Published: Tue, August 14, 2018
Sci-tech | By Lila Blake

NASA launches probe to go deep into Sun's scorching atmosphere

NASA launches probe to go deep into Sun's scorching atmosphere

Over the next two months, Parker Solar Probe will fly towards Venus, performing its first Venus gravity assist in early October - a manoeuvre a bit like a handbrake turn - that whips the spacecraft around the planet, using Venus's gravity to trim the spacecraft's orbit tighter around the Sun.

NASA's science mission chief, Thomas Zurbuchen, was thrilled not only with the launch, but Parker's presence. The mission will rely on measurements and imaging to revolutionise our understanding of the corona and how processes there ultimately affect near-Earth space.
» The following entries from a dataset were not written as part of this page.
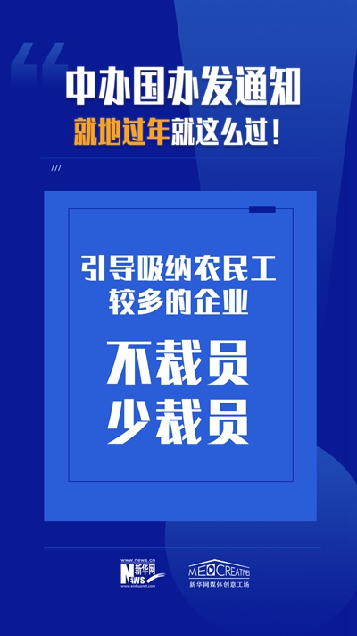 此次印發(fā)的通知明確:“指導(dǎo)企業(yè)穩(wěn)定就地過年群眾的勞動關(guān)系,規(guī)范用工行為,不得違法終止或解除勞動合同。在春節(jié)期間安排職工工作的,用人單位要依法支付加班工資!睘榇蠹覔(dān)心的“就地過年還是就地加班”等問題吃下“定心丸”。
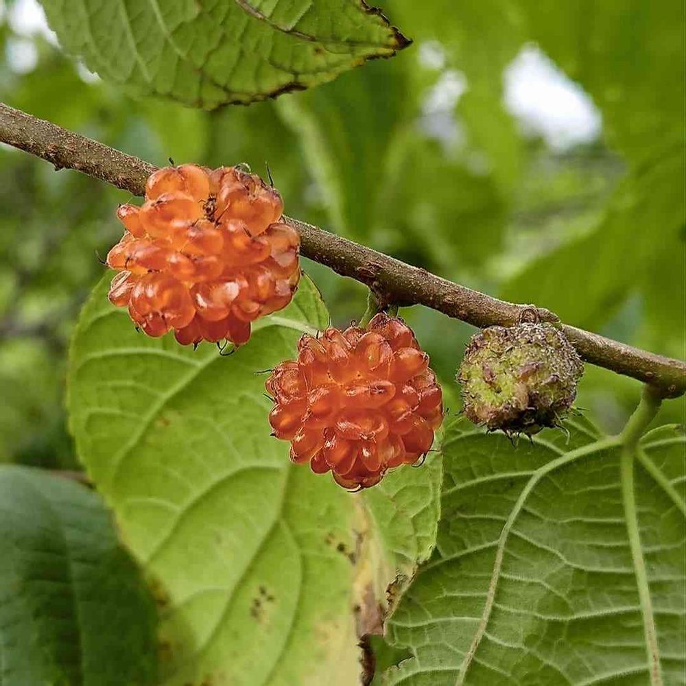 クワ科コウゾ属の落葉低木。山地の林縁に生える。枝は細くよく分枝する。葉はクワ科の他種と同じで変異が大きく、不分裂、2裂、3裂、5裂とバリエーション豊か。花期は4~5月。雌雄同株。新しく伸びた枝の先に雌花、根元に雄花がつく。雌花序は赤い雌しべを放射状に広げる。雌花は不稔のものもつく。果実は痩果が集まった集合果。球形で径1~1.5㎝。初夏に橙色に熟し、ねばついて口当たりがよくないが、甘くておいしい。
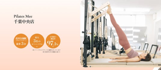 マシンピラティス専門スタジオ「Pilates Mee(ピラティスミー)」を運営する株式会社RiAGEL(代表取締役:田村亮人)は、2026年5月1日、千葉県千葉市中央区に「Pilates Mee 千葉中央店」をオープンします。葭川公園駅・千葉中央駅・千葉駅から徒歩圏内の新店舗では、インストラクター1名につき最大3名の少人数制で指導するセミパーソナルピラティスと、完全個別のパーソナルピラティスを提供します。

Saturday morning's launch attempt was foiled by last-minute technical trouble.

Washington D.C, August 12: The National Aeronautics and Space Administration (NASA) on Sunday launched the Parker Solar Probe spacecraft.

The craft is equipped with a first of it's kind heat shield, and an internal water cooling system that will protect the instruments from the extreme conditions.


"The only way we can do that is to finally go up and touch the sun", the $1.5 billion mission's project scientist, Nicola Fox of Johns Hopkins University's Applied Physics Laboratory, told reporters in advance of today's launch. "It will be the closest human made object to the Sun, going 96% of the distance from the Earth to the Sun".

The corona, visible from Earth during last year's total solar eclipse as a fiery glow around the sun with wispy bands stretching outward, is far hotter than the roiling surface below it.

A NASA spacecraft zoomed toward the sun Sunday on an unprecedented quest to get closer to our star than anything ever sent before.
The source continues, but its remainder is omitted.